A review by everybody
Darkness Haunts by Susan Illene

Did not finish book.
I really enjoyed this one initially as it didn't follow a lot of the stupid clichées.
Yea, we have a badass heroine but a lot of effort went into making sure things are kept "real".
Things like well-defined "power levels" and believable fight flow. Things like realistic torture or the emotional impact of different kinds of trauma and shock.
All these kinds of things and more are initially kept very believable.
A lot of effort went into small details which made the world feel believable and I did appreciate that a lot.
The plot wasn't groundbreaking but it wasn't just a collection of old clichées like I usually see.
There is a bit of covert plot convenience going on and unnecessary vague foreshadowing bordering on prophecy by a druid (which is a personal pet peeve of mine) annoyed me but all in all, there weren't any major flaws.
I was completely baffled by the comparatively low rating at first.
But then while approaching the 3/4 mark things regrettably went downhill fast.
Facts are suddenly made up on the spot non-stop sometimes completely contradicting previous information.
The biggest issue with the magic is the number of possibilities that the on the spot made up stuff theoretically allows.
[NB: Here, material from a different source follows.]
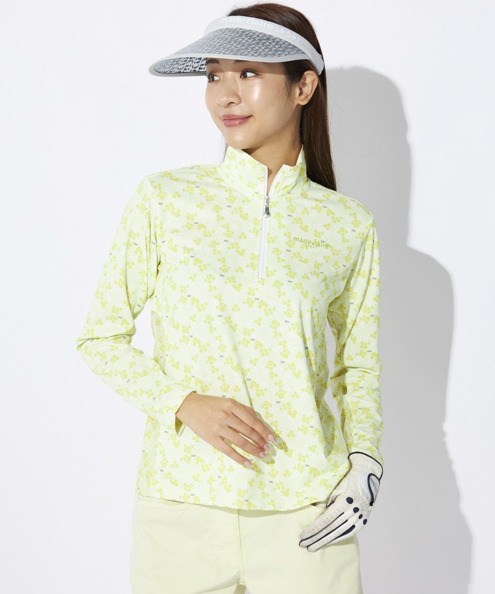 デザインはさりげない小花柄が上品なハーフジップシャツです。無地のパンツやスカートとはもちろん、柄アイテムと合わせたコーディネートもおしゃれです!ハーフジップで、首もとまで隠れるので、首周りの日焼け対策もばっちりできます。

Any semi-intelligent person could use those in devastating ways but no one does because the author just didn't think about the ramifications of all those cheap throw-away plot devices.
The magic system is rather soft so you really have to disregard common sense to cause obvious holes in it like that.
The concept of "show, don't tell" flies right out the window repeatedly. Characters start saying out loud what they feel in a very awkward way that is clearly meant for the benefit of the reader instead of showing it in a natural way even tho the author has clearly proven she is capable of doing it right.
I really don't know what happened here. Maybe the author had a bad slump but had to finish within a deadline or something?
I had a sense this might be a fresh breeze in the rather stale genre. I felt like the book had the guts to deviate from beaten paths and not fall into every clichée trap out there like most in this genre do.
For that, I am actually willing to put up with quite a bit of roughness on the edges but ultimately despite a promising start, it didn't happen.
It ended up just aggressively preaching the power of friendship and all that crap like all the others do. Ethical dilemmas and morally ambiguous decisions and their consequences are just being fixed with cheap copouts like "turns out that person was pure evil anyway".
A world that clearly had the potential to have many shades of grey sadly crumbled into naive black and white just pretending to be something more.
And what is going on with the sudden flirting and touching followed by swooning around multiple flaming hot guys?
It ends so incredibly cheese that I couldn't take the last few pages and dnfed like 15 minutes before the end.
It felt like the author replaced her calligraphy feather with a wax crayon part-way through the story.